The Benefits of CRM

With the advent of e-commerce comes e-customers who demands an immediate response with a personalized touch. Meeting their needs puts new demands on your enterprise. Since traditional ERP applications do not include a customer management aspect, CRM was the logical next step. Today, CRM solutions allow customers to automate their own lives just by picking up the phone, to check their bank balance, for instance, or by going online to shop, profiting retailers. CRM solutions save customers and companies time and money.

Improving customer service is dogma in CRM-land. CRM proponents like to tick off the many ways that CRM can improve customer service:  

1. Provide product information.

2. Product use information.

3. Technical assistance on web sites that is accessible 24 / 7.

4. Help to identify potential problems quickly before they occur.  

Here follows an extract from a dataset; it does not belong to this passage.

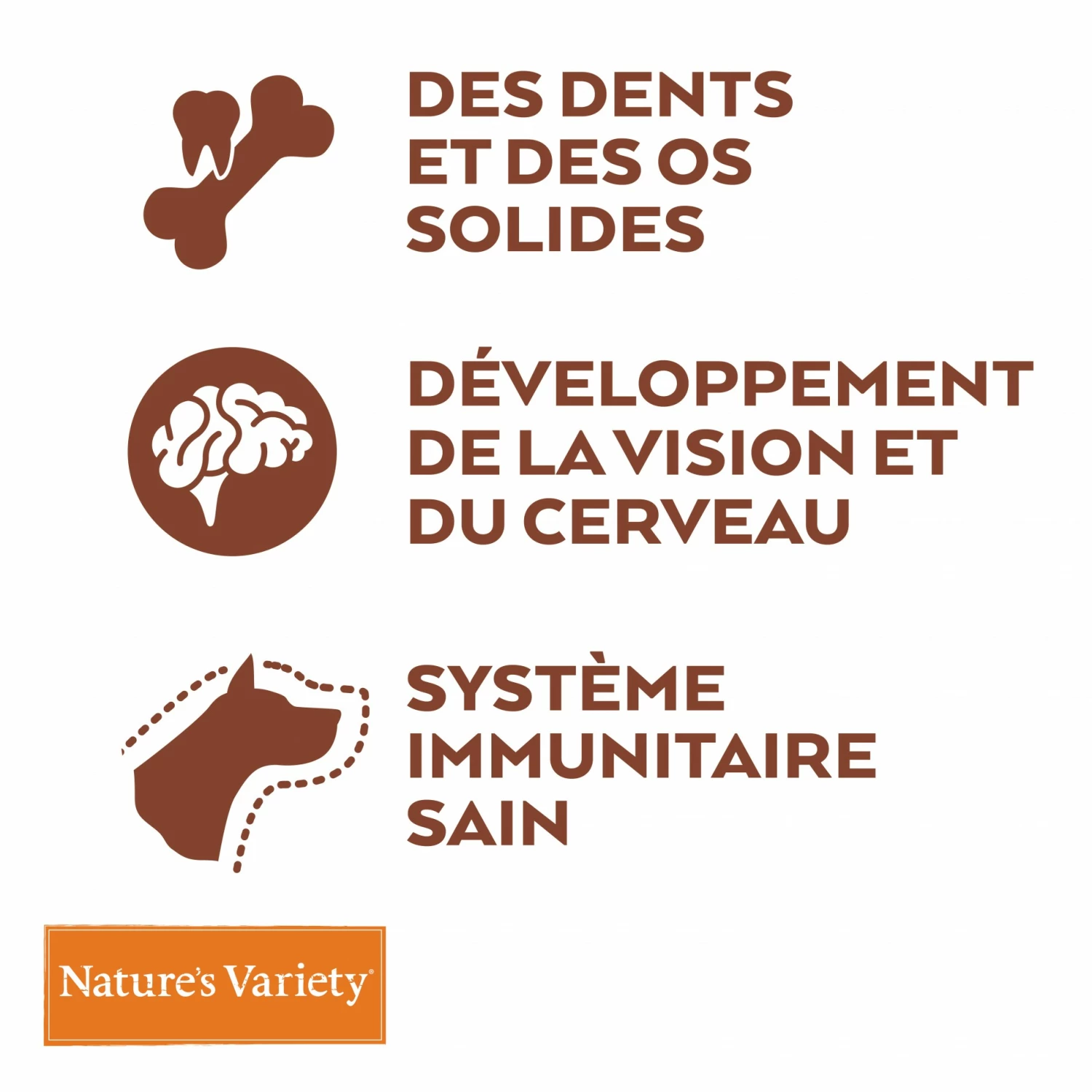 Les croquettes Nature’s Variety Selected No Grain Junior Poulet répondront aux besoins nutritionnels de votre chiot en croissance, grâce à leur formulation spécifique :

5. Provide a user-friendly mechanism for registering customer complaints (complaints that are not registered with the company cannot be resolved, and are a major source of customer dissatisfaction).

6. Provide a fast mechanism for handling problems and complaints (complaints that are resolved quickly can increase customer satisfaction).

7. Provide a fast mechanism for correcting service deficiencies (correct the problem before other customers experience the same dissatisfaction).

8. Identify how each individual customer defines quality, and then design a service strategy for each customer based on these individual requirements and expectations.

9. Use Internet cookies to track customer interests and personalize product offerings accordingly.

10. Use the Internet to engage in collaborative customization or real-time customization.

11. Provide a fast mechanism for managing and scheduling follow-up sales calls.

12. Provide a fast mechanism for managing and scheduling maintenance, repair, and on-going support (improve efficiency and effectiveness).

From Customer Service to Customer Relationships

CRM is so dynamic that it simultaneously improves customer relationships while it is working on customer service issues. For example:

1. CRM tracks customer interests, needs, and buying habits while you tailor your marketing messages accordingly.

2. CRM tracks customer product use while you tailor your service strategy accordingly. This way customers get the parts they need, for example, before there's a problem with their vacuum cleaner.

Take a sales example: No more will the sales or client rep be solely responsible for interacting with the customer. That responsibility now lies with the home office and not with your sales representative alone. With a sales reps' mobility increasing in this economy, it is difficult to expect the same person to have contact with the customer as often as needed.  

What if there's been a personnel change? Then the new hire has to re-establish a rapport with the customer. This in itself is risky for you and might be irritating to the customer, if they have to explain (yet again?) his needs every time you hire someone new. It is not in the interests of your organization to operate without CRM software in the short or the long term.

With a CRM system, you present one consistent, competent image to the customer no matter whom is representing you. You shorten the sales cycle but increase key sales-performance metrics, such as revenue per sales representative, average order size, and revenue per customer. It benefits your entire organization because every department is empowered and you grow exponentially:

  • Your marketing arm can increase campaign response rates and marketing-driven revenue while simultaneously decreasing lead-generation and customer-acquisition costs  
  • Customer service organizations can increase service-agent productivity and customer retention while decreasing service costs, response times, and request-resolution times

In industrial markets, CRM technology can be used to microsegment the buying center to help coordinate the conflicting and changing purchasing habits of customers. Such improvements in customer service contribute to long-term customer satisfaction. It encourages repeat purchases, improves customer relationships, increases customer loyalty (decreasing customer turnover), decreases marketing costs (associated with customer acquisition and customer "training"), increases sales revenue, and, therefore, maximizes profits.

That is one of the underlying goals of CRM: To Think Big. You must think in terms of improving business performance exponentially. By streamlining processes and providing sales, marketing, and service personnel with the ultimate in customer information, CRM enables organizations to establish more profitable customer relationships and decrease operating costs.